ADMISSION TO TRADING ON THE MAIN MARKET, CLOSING OF THE £2 MILLION FUNDRAISING 
                            & FIRST DAY OF DEALINGS 
 
Imperial X Plc (LSE: CDL), a natural resource project generator, is pleased to 
announce that its entire issued ordinary share capital consisting of 
389,565,060 ordinary shares of £0.001 will today be admitted to the Official 
List (by way of Standard Listing under Chapter 14 of the Listing Rules) and to 
trading on the London Stock Exchange's Main Market for listed securities 
(together, the "Admission"). Dealing will commence at 8:00 a.m. today, Thursday 
3rd June 2021, under the ticker "CDL" (ISIN: GB00B44LQR57). The Company has 
filed an application to change its name to Cloudbreak Discoveries Plc, however, 
due to Covid-19 related delays, this is not expected to become effective for 
approximately two weeks and a further announcement will be made to confirm the 
change. 
 
Highlights 
 
  * Successful £2 million fundraising at 3p per share which was oversubscribed 
  * With effect from Admission, Imperial X will hold equity positions and 
    royalties in a variety of projects in the natural resources sectors across 
    multiple jurisdictions, primarily in North America and Africa 
  * Imperial X provides European investors with a business model and range of 
    assets which to date has been a largely untapped opportunity in Europe 
  * The Directors believe the model is capable of bringing investors a high 
    level of scalability and excellent returns while not compromising the level 
    of risk being undertaken 
  * Imperial X has the ability to pivot between commodities for the best 
    prospects and opportunities but has a core focus on bulk, industrial and 
    base materials and metals with an early focus on critical metals for the 
    ongoing electrification revolution 
  * The proceeds of the Fundraising will be used to pursue the Group's 
    immediate objective of developing its existing portfolio of assets and 
    interests and acquiring suitable additions and provide working capital to 
    cover ongoing annual operating costs 
  * Imperial X's business model is not constrained by geographic location or 
    commodity, allowing it to diversify its range of assets and partners 
 
Kyler Hardy, CEO of Imperial X Plc, commented, "Listing on the Standard Segment 
of the Official List represents a significant milestone for the Company.

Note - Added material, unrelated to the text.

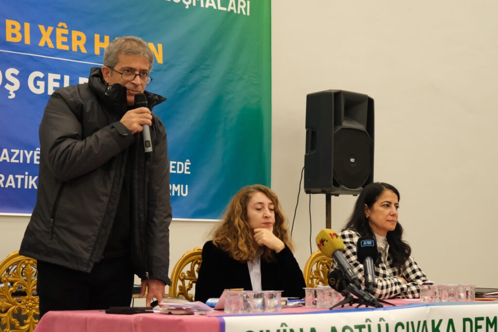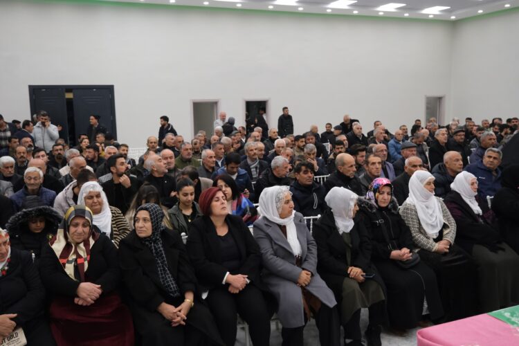 Platforma Saziyên Demokratîk ên Amedê li eywana dawetê ya Sezîkê ya navçeya Farqînê ya Amedê civîna “Aştî û Civaka Demokratîk” li dar xistin. Nûnerên DEM Partiyê, Aktîvîstên TJAyê, nûner û rêveberên DBPê, endamên Dayikên Aştiyê, Komeleya 78an, TUAY-DER, MEBYA-DER, MED-DER, tevî nûnerên rêxistinên siyasî û civaka sivîl beşdarî civîna gel bûn. Di hevdîtinê de bi domdarî diruşmeyên “Bijî Serok Apo” û “Şehîd namirin” berz kirin. Bername ji bo kesên ku di têkoşîna azadiyê de jiyana xwe ji dest dane bi deqeyek rêzgirtinê dest pê kir. Çetîn Arkaş ê ku 33 sal di zindanê de ma, siyasetmedar Ayla Akat Ata û parêzera Buroya Hiqûqê ya Asrinê Raziye Ozturk beşdarî civînê bûn.
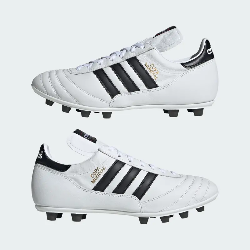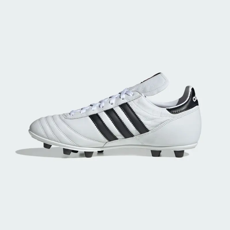 First released in 1979, the adidas Copa Mundial has a long and storied history as one of the most iconic cleats in world soccer. Made in Germany, these ones feature a soft leather upper for a comfortable fit and a soft touch. Their firm ground outsole provides solid traction on dry natural grass.

This 
listing offers investors first mover advantage to be a part of a project 
generator and royalty business model which is well established in North 
American capital markets but remains largely untapped across Europe. 
 
"The Company will deploy our business model to acquire undervalued assets in 
the global natural resources sectors and partner them with exceptional 
partners. Utilising the Board and management's technical and transactional 
experience across deal structures, commodities, and jurisdictions, we have the 
flexibility to pivot our investments to the best prospects and opportunities. 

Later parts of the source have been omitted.